Z początkiem miesiąca wartość obligacji notujących ujemne oprocentowanie przekroczyła 15 bilionów dolarów. Jeszcze do niedawna taka sytuacja była ciężka do wyobrażenia, gdyż zgodnie z teorią finansów nabywca obligacji oczekiwać powinien dodatniego dochodu od swojego zakupu. Wszystko zmieniło się wraz z europejskim kryzysem zadłużeniowym, kiedy po raz pierwszy krótkoterminowe obligacje wybranych krajów zaczęły być handlowane z ujemnym oprocentowaniem. Po trudnym 2012 roku sytuacja zaczęła się jednak normować i rentowności wróciły w znane wcześniej dodatnie rewiry. Nie trwało to jednak długo i już dwa lata później sytuacja z ujemnymi rentownościami powtórzyła się. Co interesujące, od tego czasu ujemne oprocentowanie stało się normą, a zmienia się tylko skala tego zjawiska. Obecnie ponad 25% wszystkich obligacji o ratingu inwestycyjnym jest handlowanych z oprocentowaniem poniżej 0%.
Ten odsetek rośnie do ponad 40%, jeżeli przestaniemy brać pod uwagę obligacje amerykańskie. Tym samym anomalia stała się de facto normą, co zaczyna mieć swoje zaskakujące konsekwencje. Jednym z nim jest oferta kredytu hipotecznego w Danii o ujemnym oprocentowaniu. Nie wiemy gdzie ostatecznie zaprowadzi nas ta ścieżka, ale w bardziej długoterminowej perspektywie zakładać można brutalny powrót do znanej z przeszłości rzeczywistości. Owszem, w krótkim terminie szybki i znaczny spadek oprocentowania obligacji przełożył się na wyraźny wzrost wartości jednostek uczestnictwa bezpiecznych funduszy, ale taka sytuacja nie będzie trwała wiecznie.
W polskich warunkach cieszyć może fakt wciąż dodatniego oprocentowania obligacji. W piątek jednak rentowność 10-letnich papierów skarbowych ustanowiła nowe historyczne minimum i spadła poniżej 2%. Wszystko to dzieje się przy rosnącej inflacji, która w lipcu według wstępnych szacunków GUS zbliżyła się do 3%.
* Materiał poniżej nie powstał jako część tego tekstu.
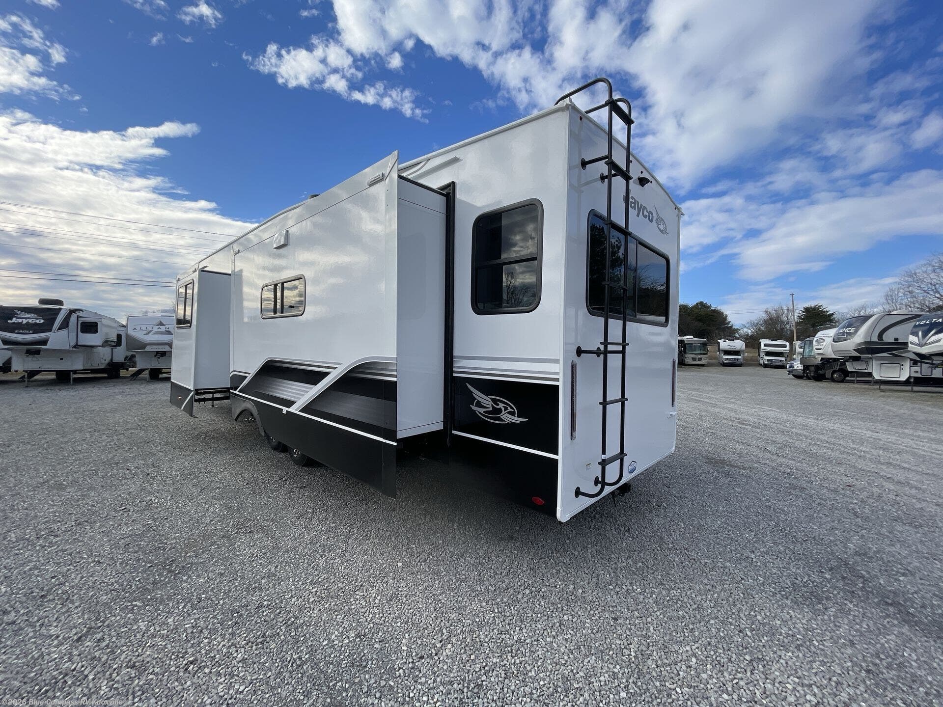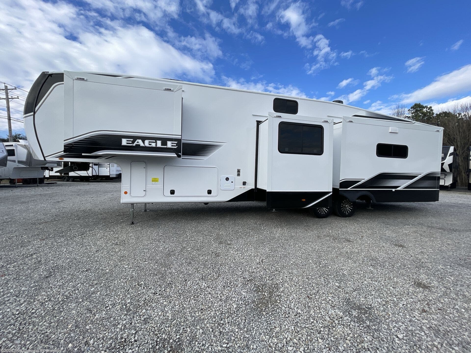 With any Eagle fifth wheel by Jayco you will appreciate durable construction materials, like the Magnum Truss Roof and the Stronghold VBL laminated walls. The JAYCOMMAND Smart RV system puts you in control of your RV's functions, and the 5 Star Handling Package will provide smooth towing from home to camp. Each model features Climate Shield zero-degree tested weather protection and the industry-exclusive HELIX cooling system that features two 15,000 BTU Whisper Quiet A/C's to keep you comfortable year around. Some of the exterior conveniences you are sure to love are the pass-through storage with Slam-Latch baggage doors and an automotive style front cap with max turn radius. The Eagle fifth wheels are designed to make you feel at home with solid hardwood slide fascia, residential vinyl flooring throughout, 100% no floor vents, and blackout roller shades with reflective side throughout for added privacy and insulation.

Teoretycznie takie warunki sprzyjać powinny akcjom, które lepiej niż obligacje zabezpieczą majątek przed inflacją. Wiele osób nie akceptuje jednak zmienności związanej z rynkiem akcji. Tym samym oszczędzający wypychani mogą być do różnych alternatywnych form lokowania kapitału, które niekoniecznie spełnią pokładane w nich nadzieje, a w pewnych przypadkach mogą okazać się nawet oszustwami.
Warto więc dwa razy zastanowić się przed ulokowaniem swoich oszczędności i bezpieczeństwa szukać w zwiększonej dywersyfikacji oraz otwarcia na tradycyjne rozwiązania inwestycyjne, które są nisko skorelowane z akcjami czy obligacjami. Takim przykładem jest złoto, którego atrakcyjność wyraźnie wzrosła w środowisku spadających stóp procentowych.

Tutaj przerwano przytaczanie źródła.